Any person whose driver’s license has been refused, revoked, suspended, canceled, or disqualified by the commissioner, except where the license is revoked or disqualified under section 169A. 52, 171.177, or 171.186, may file a petition for a hearing in the matter in the district court."

"First, Reihs asserts that extending a license-revocation period constitutes a 'revocation' under Minn. Stat. § 171.19 because there is “no material difference” between   a revocation and an extension of revocation. He suggests that an extension of a revocation period is, effectively, a 're-revocation.' We disagree."

The appellate court reviewed various definitions of revocation and found, "...'revocation' plainly means the initial act or instance of withdrawing a person’s driver’s license. Because an extension of a revocation period is not an initial instance of license withdrawal but a continuation of a withdrawal that has already occurred, it is a distinct and separate action from the revocation itself. Simply put, a revocation extension does not alter the license status of the revoked person.
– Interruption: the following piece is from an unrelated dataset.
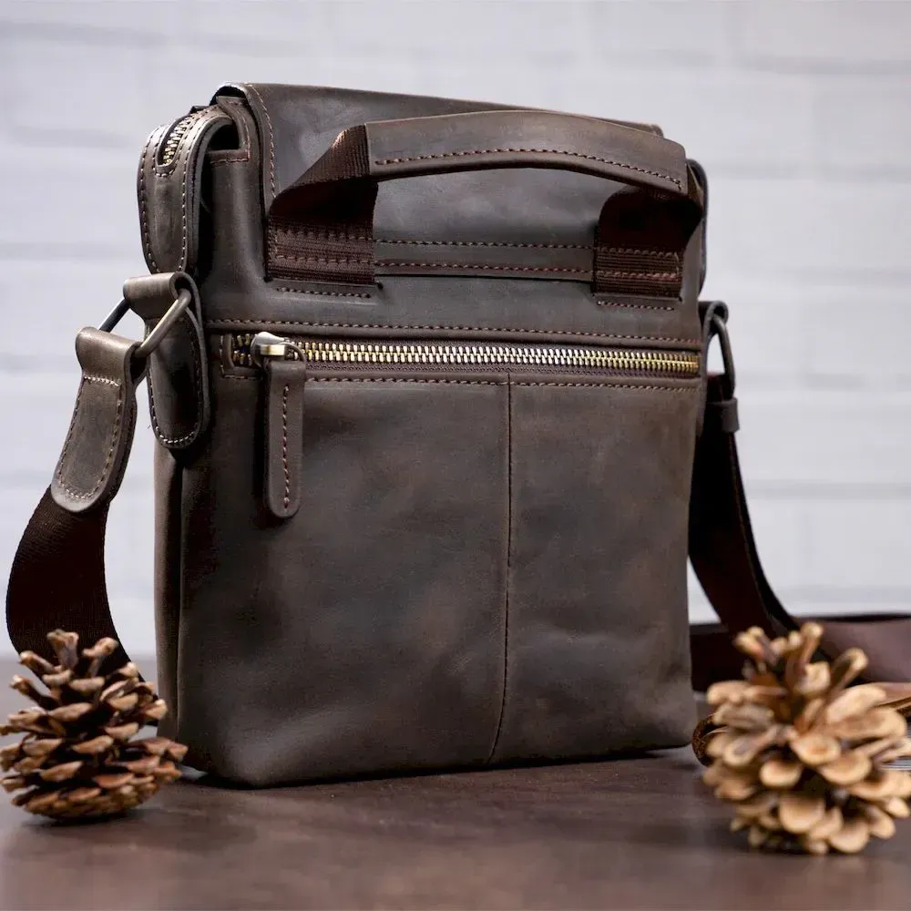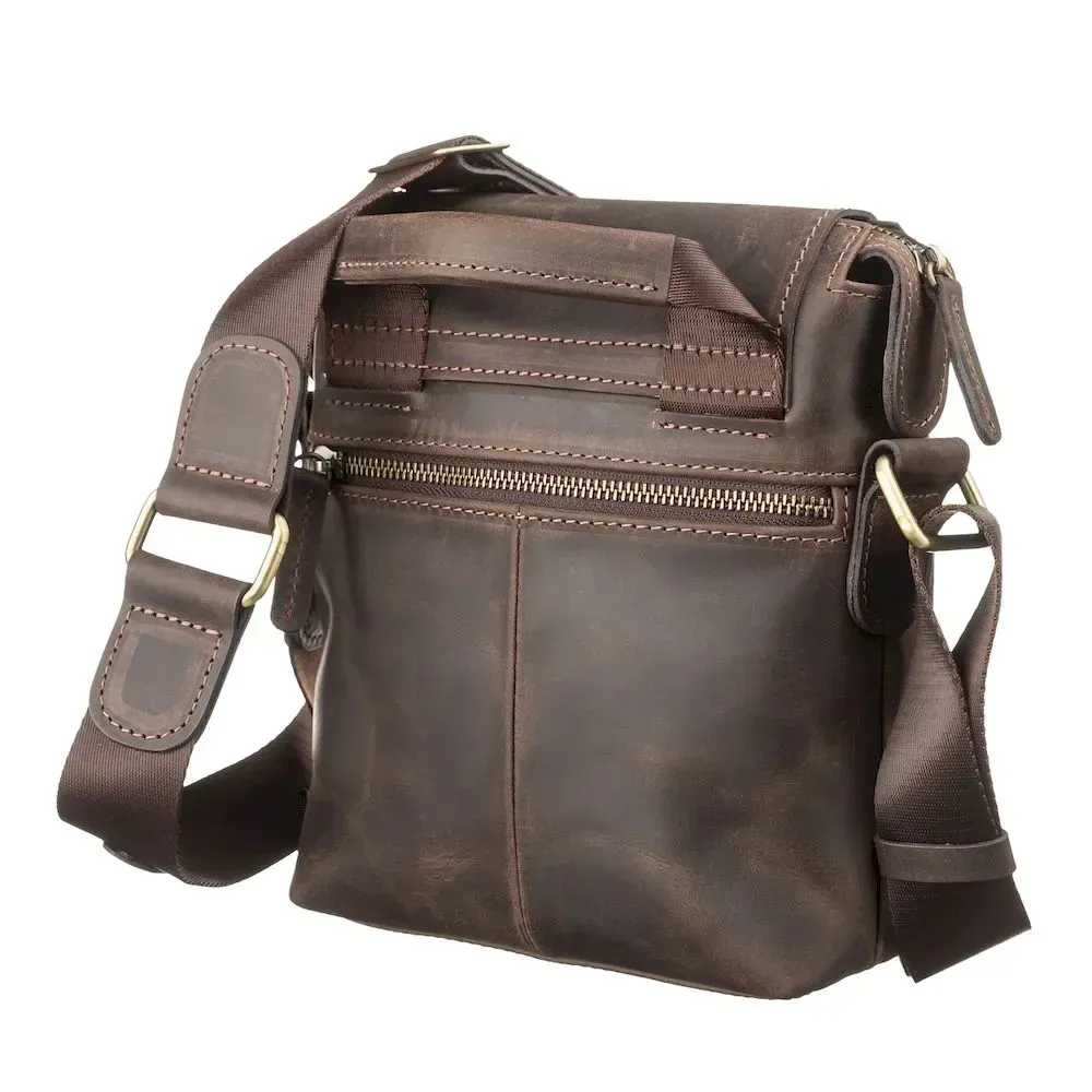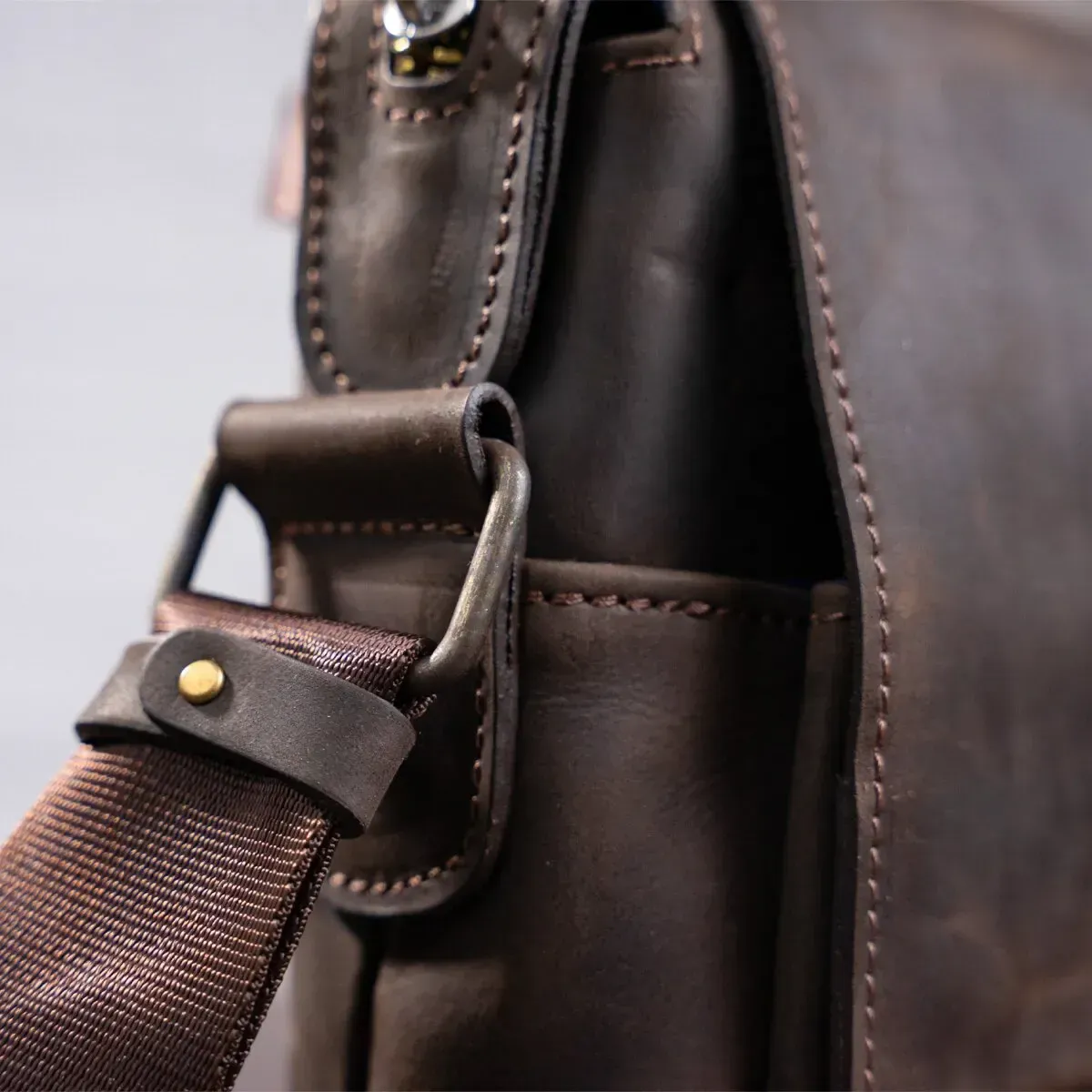 Чоловіча шкіряна сумка невеликого розміру із клапаном. Аксесуар виконаний з натуральної вінтажної шкіри, характерними ознаками якої є: неоднорідність забарвлення та потертості, які надають виробу вишуканого, індивідуального вигляду.

Accordingly, we conclude that the plain meaning of the term “revocation,” as used in Minn. Stat. § 171.19, does not include an extension of a driver’s license revocation issued pursuant to Minn. Stat. § 171.306, subd. 5(a)."

"Second, Reihs argues that, if an extension of revocation is not a “revocation” under Minn. Stat. § 171.19, it is a “de facto refusal to restore [his] license.” This argument is no more convincing."
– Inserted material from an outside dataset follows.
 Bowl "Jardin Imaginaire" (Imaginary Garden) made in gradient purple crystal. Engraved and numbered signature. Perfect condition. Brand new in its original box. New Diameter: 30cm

"Like “revocation,” the term “refusal” is not statutorily defined. See Minn. Stat. § 171.01. Dictionaries define it as “[t]he act or an instance of refusing,” The American Heritage Dictionary of the English Language 1478, and “a denial or rejection of something demanded or offered,” 13 The Oxford English Dictionary 494. To “refuse” means to “indicate unwillingness to do, accept, give, or allow,” The American Heritage Dictionary of the English Language 1478, and to “decline to take or accept (something offered or presented); to reject [an] offer,” 13 The Oxford English Dictionary 495."
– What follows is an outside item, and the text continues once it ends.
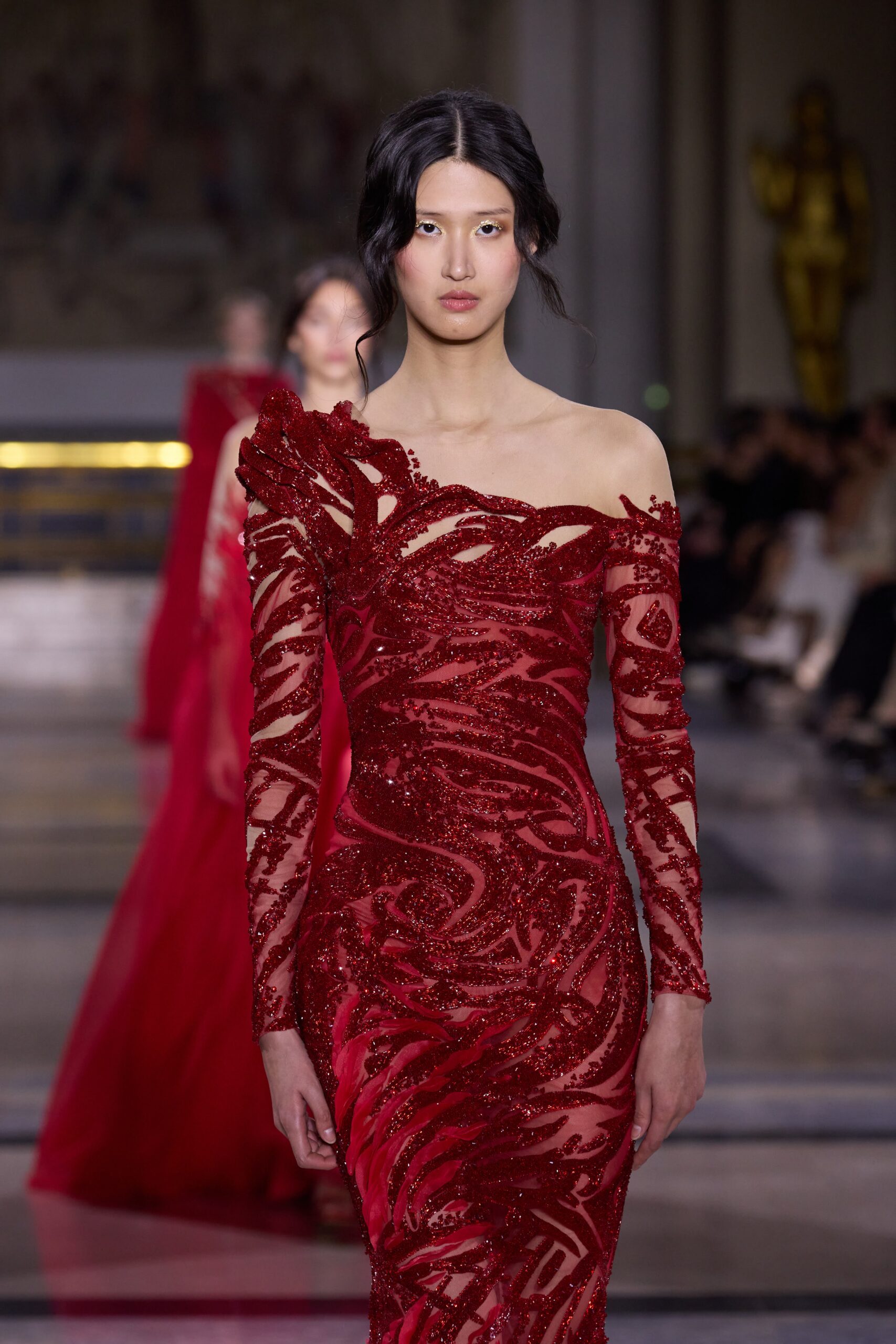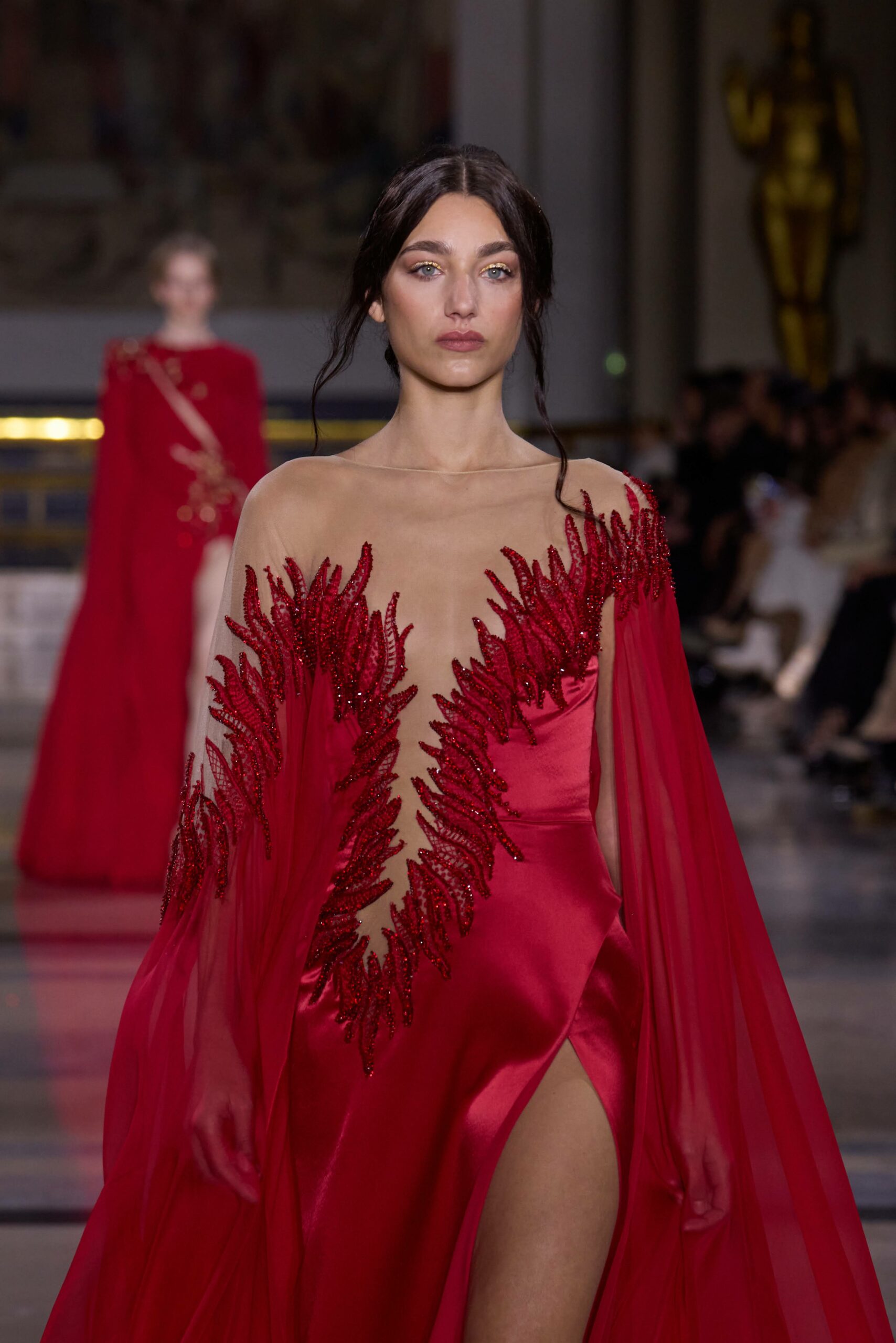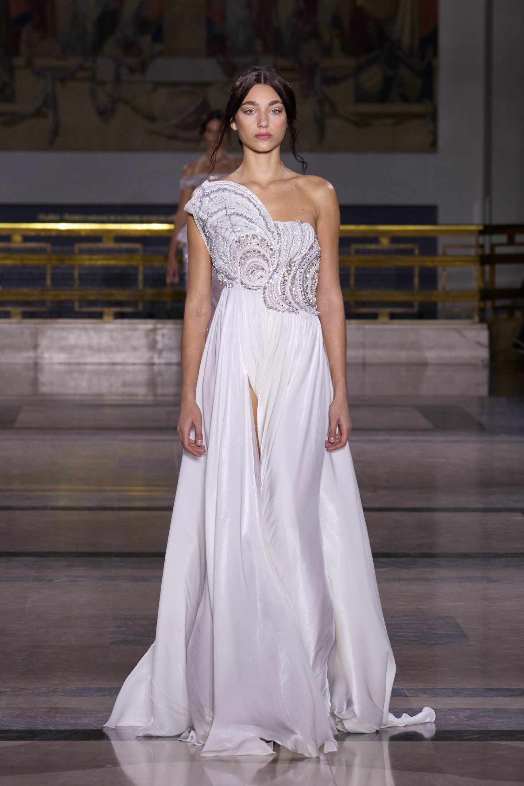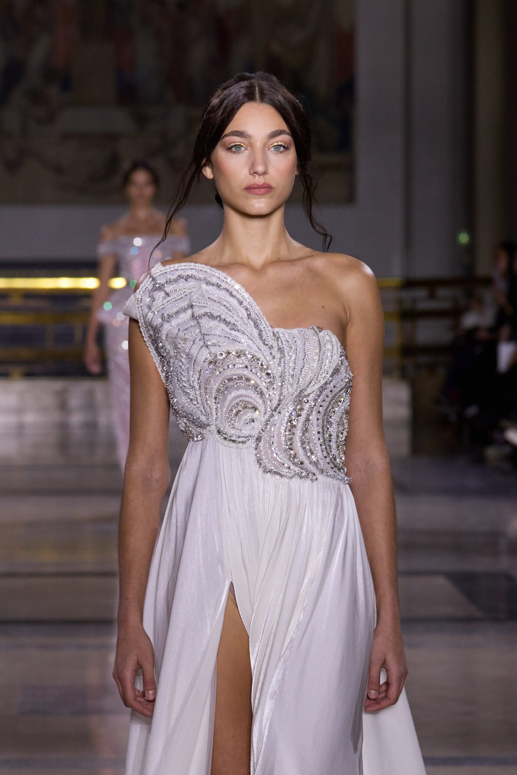 Dans cette collection, chaque création est une œuvre en soi. Les broderies faites main illuminent les robes tandis que l’organza de soie en 3D danse au gré des mouvements. Des pierres rares et des cristaux scintillent sous la lumière, tandis que des techniques innovantes, telles que le plissage minutieux de milliers de feuilles métalliques, redéfinissent les textures.

"The ordinary meaning of the term “refusal” clearly contemplates an action taken in response to a preceding request, application, or demand. Indeed, “indicating] unwillingness” and “declining] to accept” are both affirmative, responsive actions. Similarly, both definitional phrases imply discretion on the part of the refuser. It follows that an extension of revocation issued due to a violation of the interlock-program guidelines cannot be a “refusal.” This is so because an extension does not arise from any sort of request or application and it does not depend on the exercise of the commissioner’s discretion. Minn. Stat. § 171.306, subd. 5(a) (stating “[i]f a program participant. . . violates the program guidelines . . ., the commissioner shall extend the person’s revocation period” (emphasis added)). We conclude that the plain meaning of the term “refusal,” as used in Minn. Stat. § 171.19, does not encompass an extension of a driver’s license revocation issued under Minn. Stat. § 171.306, subd. 5(a). 

"A district court lacks subject-matter jurisdiction under Minn. Stat. § 171.19 to review the extension of a driver’s license-revocation period. Accordingly, the district court did not err by denying Reihs’s petition."

Moral Of The Story: Once you are in the program, the Courts are not going to help you get out of it.